** DATA SEGMENT follows **
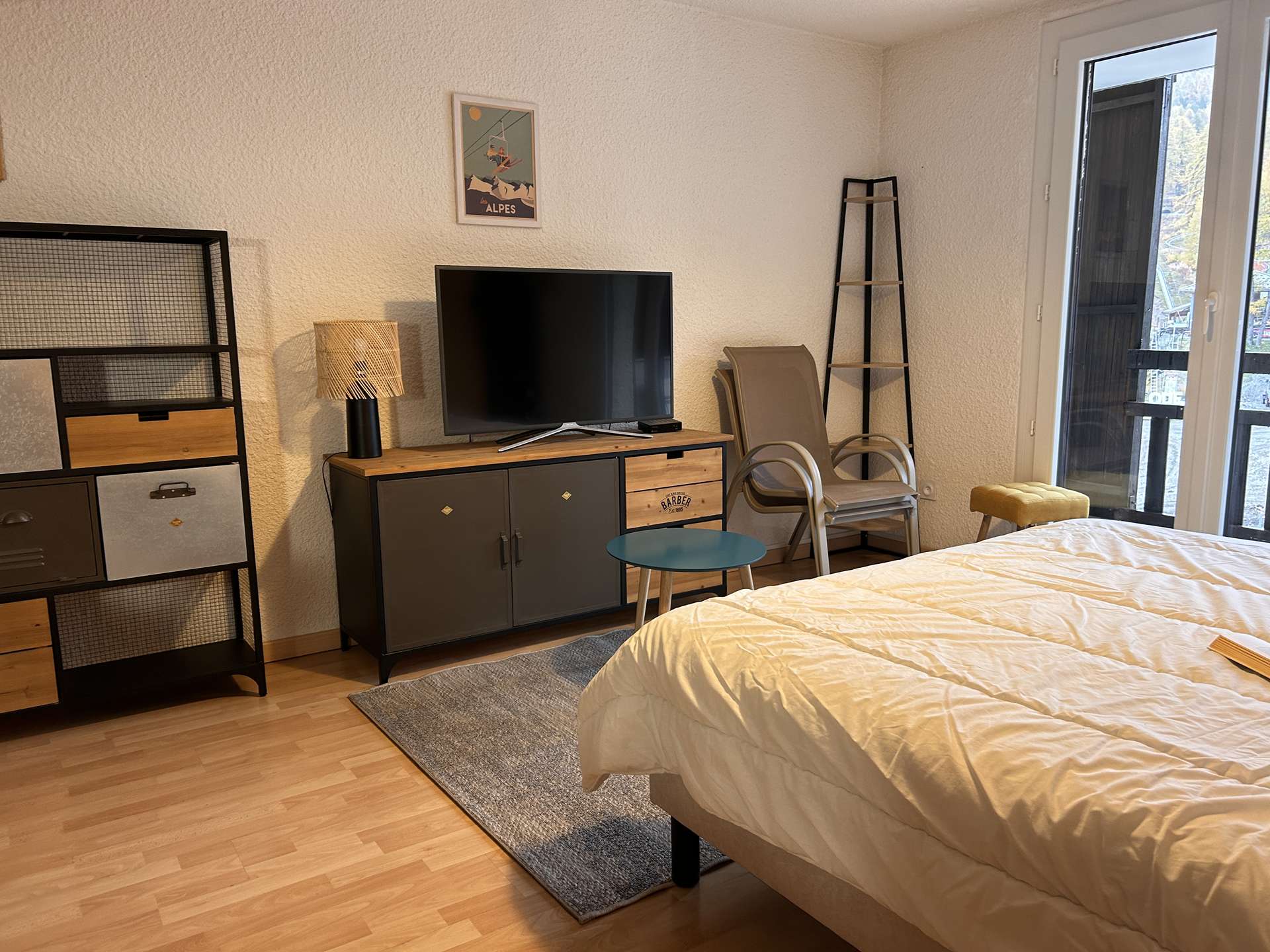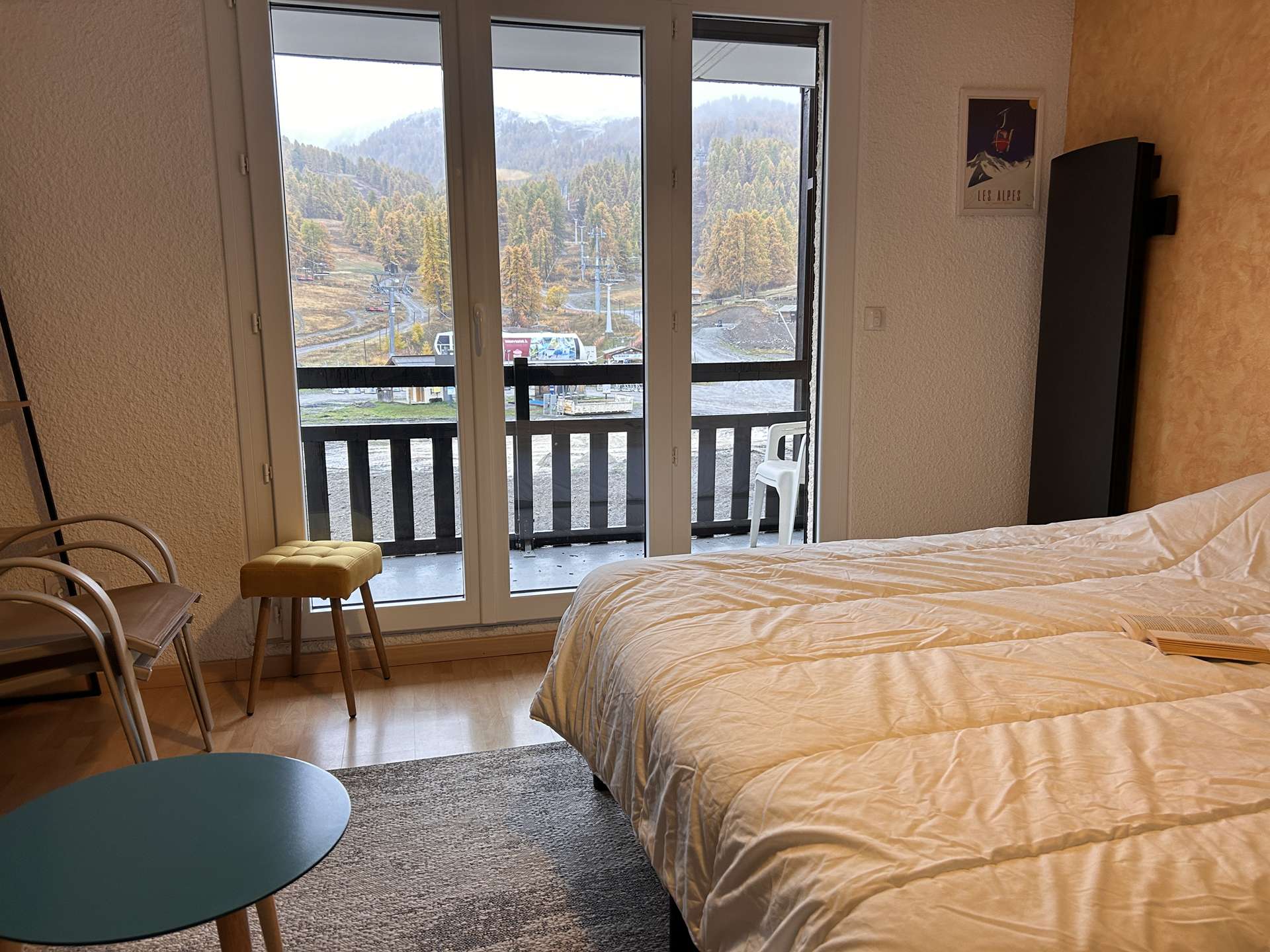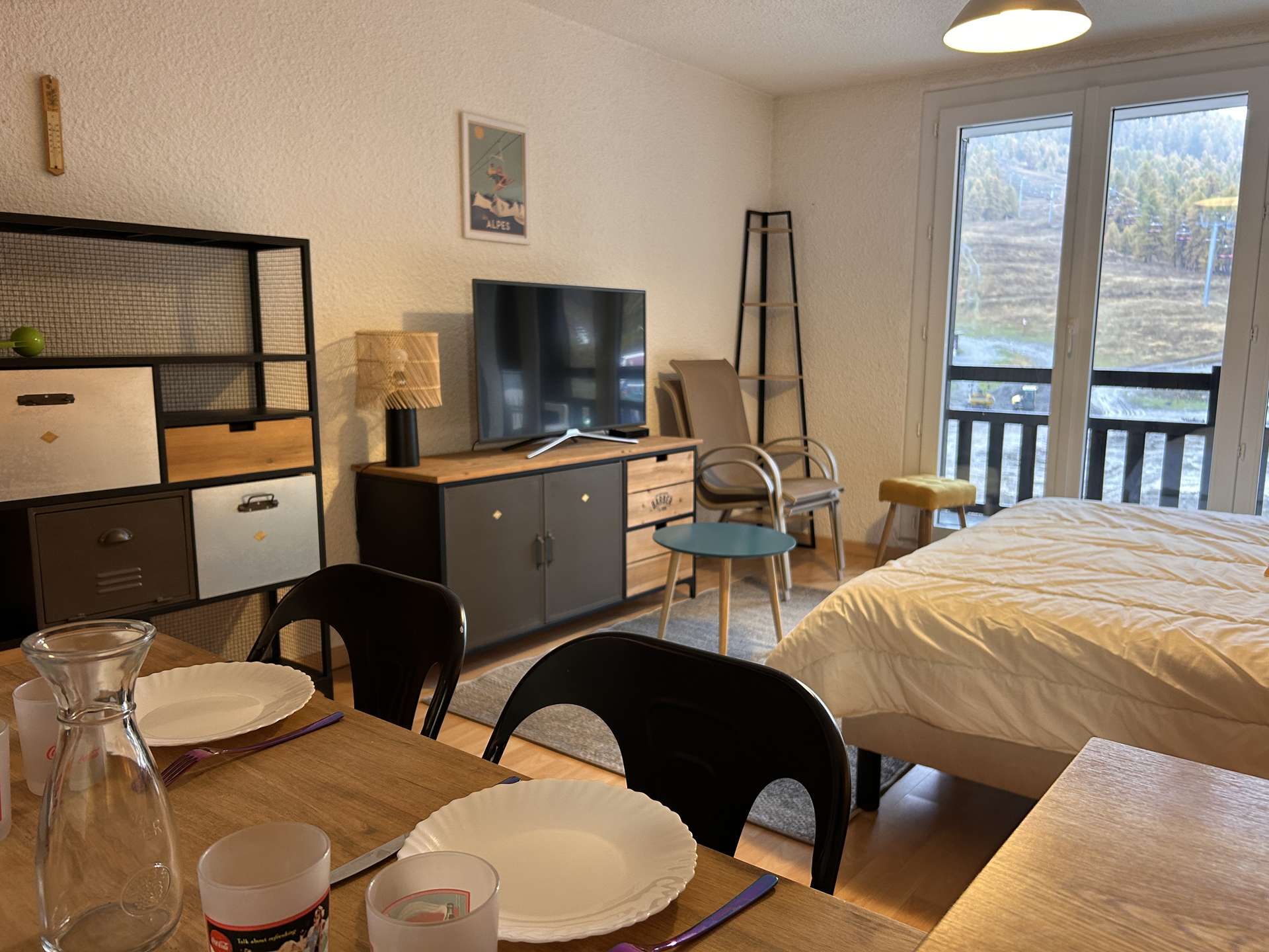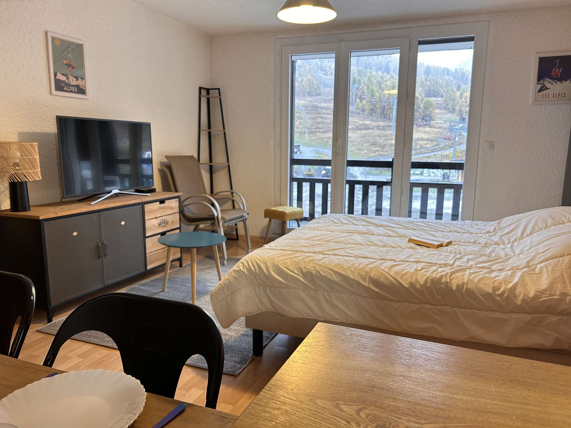 Located at the foot of the slopes, this studio is organized around a living room with a double bed, a mountain corner at the entrance with a bunk bed (two single beds) separated from the living room by a door. This apartment also has a kitchen equipped with electric hobs, an oven, a microwave and a refrigerator. There is a bathroom with a bathtub, and the toilet is separate.
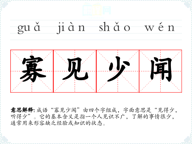 成语“寡见少闻”由四个字组成,字面意思是“见得少,听得少”。它的基本含义是指一个人见识不广,了解的事情很少,通常用来形容缺乏经验或知识的状态。
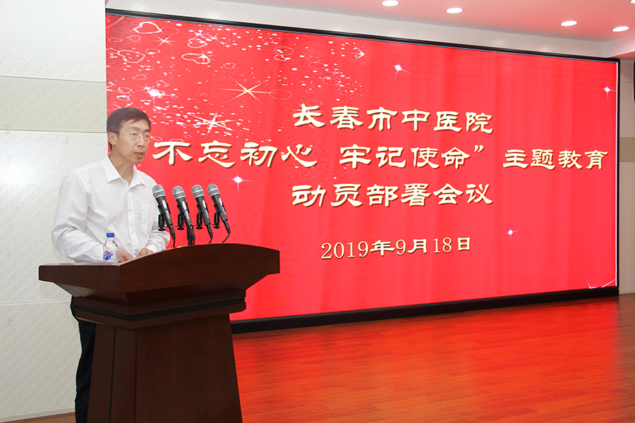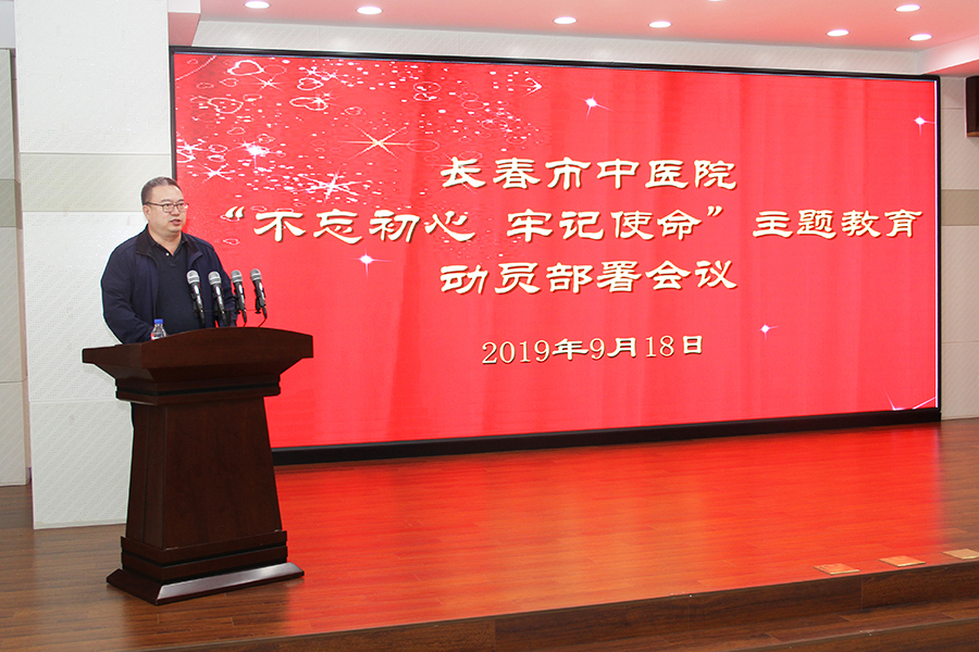 随后,长春市卫健委职业健康处处长高磊代表长春市卫健委党组对医院“不忘初心·牢记使命”主题教育动员部署会议作出指示,肯定了医院对本次主题教育活动的重视,行动迅速,及时传达学习委党组会议精神,并制定实施方案,为主题教育开展打下了坚实的基础。最后,高磊处长提出几点要求,要聚焦根本任务、把握“十二字”总要求、紧扣五句话目标、坚持“贯穿始终”、力戒形式主义抓好落实。
** End of DATA SEGMENT **
* [TASK REQUIREMENTS] Without the pictures, write out the whole listing exactly as it appears.

* [EXERCISE SOLUTION]
 Located at the foot of the slopes, this studio is organized around a living room with a double bed, a mountain corner at the entrance with a bunk bed (two single beds) separated from the living room by a door. This apartment also has a kitchen equipped with electric hobs, an oven, a microwave and a refrigerator. There is a bathroom with a bathtub, and the toilet is separate.
 成语“寡见少闻”由四个字组成,字面意思是“见得少,听得少”。它的基本含义是指一个人见识不广,了解的事情很少,通常用来形容缺乏经验或知识的状态。
 随后,长春市卫健委职业健康处处长高磊代表长春市卫健委党组对医院“不忘初心·牢记使命”主题教育动员部署会议作出指示,肯定了医院对本次主题教育活动的重视,行动迅速,及时传达学习委党组会议精神,并制定实施方案,为主题教育开展打下了坚实的基础。最后,高磊处长提出几点要求,要聚焦根本任务、把握“十二字”总要求、紧扣五句话目标、坚持“贯穿始终”、力戒形式主义抓好落实。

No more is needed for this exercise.